A hundred years after that Night to Remember, we still do well to remember that we venture upon the sea at the sea’s own sufferance; we are but guests upon the bosom of the deep, whether we go down to the sea in ships, whether we walk upon the waters on surfboards, or seek to match our swimming prowess against the power of the waves.

The sea, from which our most distant ancestors emerged, still calls us; it still tempts us, and it still reminds us when we venture upon it that in fact we don’t own this joint; the ocean can still kick our ass.

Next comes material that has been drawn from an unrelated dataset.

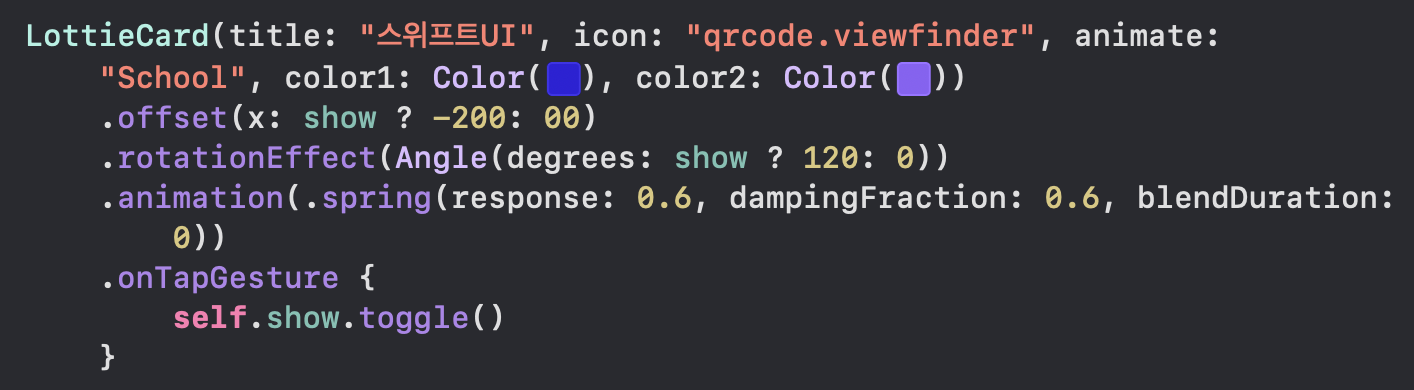 LottieCard(title: "스위프트UI", icon: "qrcode.viewfinder", animate: "School", color1: Color(literal), color2: Color(literal)

Yet, as much as the ocean can be a stern taskmaster, it also can call forth the noblest impulses of human nature -the capacity for vicarious self-sacrifice, the capacity for compassion, and the capacity to learn from disaster.  After any tragedy, we pick up, we carry on, and we pray for those whom we have loved, whether as family or simply because they were our fellow human beings, but whom see no more.

So, for those who never completed their voyage aboard RMS Titanic a century ago, Requiem æternam dona eii, Domine, et lux perpetua luceat eii. Requiescant in pace. Amen.  Rest eternal grant unto them, O Lord, and may light perpetual shine on them, and may they rest in peace.  Amen.

-xxx-

PAUL S. MARCHAND is an attorney who lives and works in Cathedral City, California.  He is grateful that his grandmother’s family missed their date with destiny aboard Titanic, and made the crossing on another, less famous White Star vessel.  The views contained herein are his own, and are not intended, and should not be construed, as legal advice, though one should always steer clear of icebergs.